Use these scripts to run each health test. These CVS test scripts have two parts: installing the functionality and running the tests.

AGFHC#

See the AGFHC (AMD GPU Field Health Check) docs for more information.

These are the test cases for AGFHC:

test_agfhc_hbm
test_agfhc_hbm1_lvl5
test_agfhc_hbm2_lvl5
test_agfhc_hbm3_lvl3
test_agfhc_dma_all_lvl1
test_agfhc_dma_lvl1
test_agfhc_gfx_lvl1
test_agfhc_pcie_lvl1
test_agfhc_pcie_lvl3
test_agfhc_xgmi_lvl1
test_agfhc_all_perf
test_agfhc_all_lvl5

Use these scripts to start the test:

Run the installation:

pytest -vvv --log-file=/tmp/test.log -s ./tests/health/install/install_agfhc.py --cluster_file input/cluster_file/cluster.json --config_file input/config_file/health/mi300_health_config.json --html=/var/www/html/cvs/agfhc.html --capture=tee-sys --self-contained-html

Run the AGFHC test:

pytest -vvv --log-file=/tmp/test.log -s ./tests/health/agfhc_cvs.py --cluster_file input/cluster_file/cluster.json --config_file input/config_file/health/mi300_health_config.json --html=/var/www/html/cvs/agfhc.html --capture=tee-sys --self-contained-html

Run the CSP qualification test:

pytest -vvv --log-file=/tmp/test.log -s ./tests/health/csp_qual_agfhc.py --cluster_file input/cluster_file/cluster.json --config_file input/config_file/health/mi300_health_config.json --html=/var/www/html/cvs/agfhc.html --capture=tee-sys --self-contained-html

TransferBench#

See the TransferBench docs for more information.

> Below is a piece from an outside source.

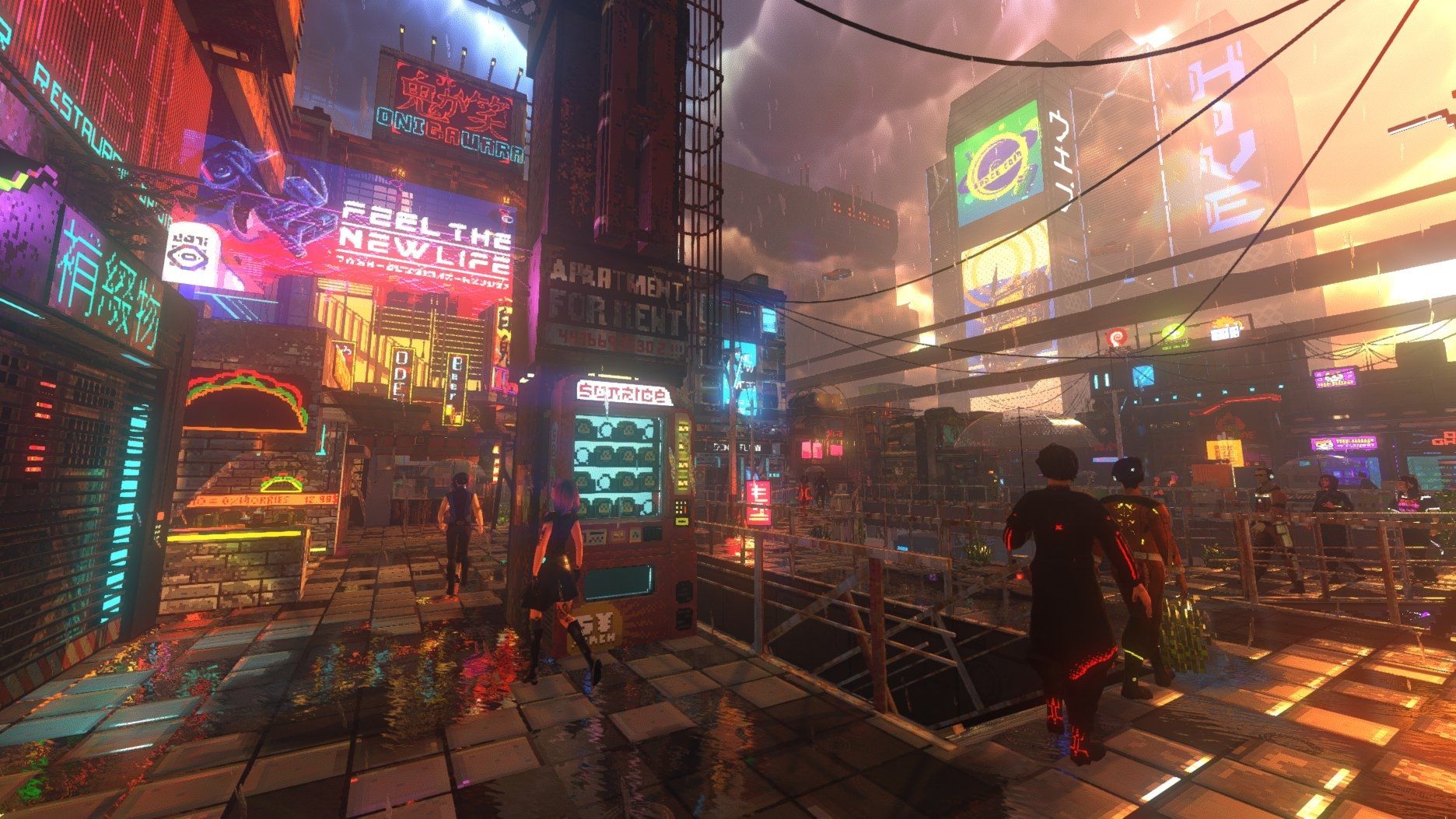 Ponadto, jak dowiadujemy się z FAQ – gra będzie miała widok pierwszoosobowy, a twórcy póki co nie planują wsparcia dla Steam Decka (z ich wypowiedzi wynika jednak, że w dalszej przyszłości może się ono pojawić). Nie zakładają też na razie wersji na Maca. Gracze mogą zaś liczyć na różne efekty pogodowe, takie jak deszcz i śnieg czy burze i mgła, które urozmaicą słoneczne dni w tytułowym cyberpunkowym mieście.

These are the test cases for TransferBench:

test_transfer_bench_example_tests_1_6_t
test_transfer_bench_a2a
test_transfer_bench_p2p
test_transfer_bench_healthcheck
test_transfer_bench_a2asweep
test_transfer_bench_scaling
test_transfer_bench_schmoo

Use these scripts to start the test:

Run the installation:

pytest -vvv --log-file=/tmp/test.log -s ./tests/health/install/install_transferbench.py --cluster_file input/cluster_file/cluster.json  --config_file input/config_file/health/mi300_health_config.json --html=/var/www/html/cvs/transferbench.html --capture=tee-sys --self-contained-html

Start the TransferBench test:

pytest -vvv --log-file=/tmp/test.log -s ./tests/health/transferbench_cvs.py --cluster_file input/cluster_file/cluster.json  --config_file input/config_file/health/mi300_health_config.json --html=/var/www/html/cvs/transferbench.html --capture=tee-sys --self-contained-html

RVS#

See the ROCm Validation Suite (RVS) docs for more information.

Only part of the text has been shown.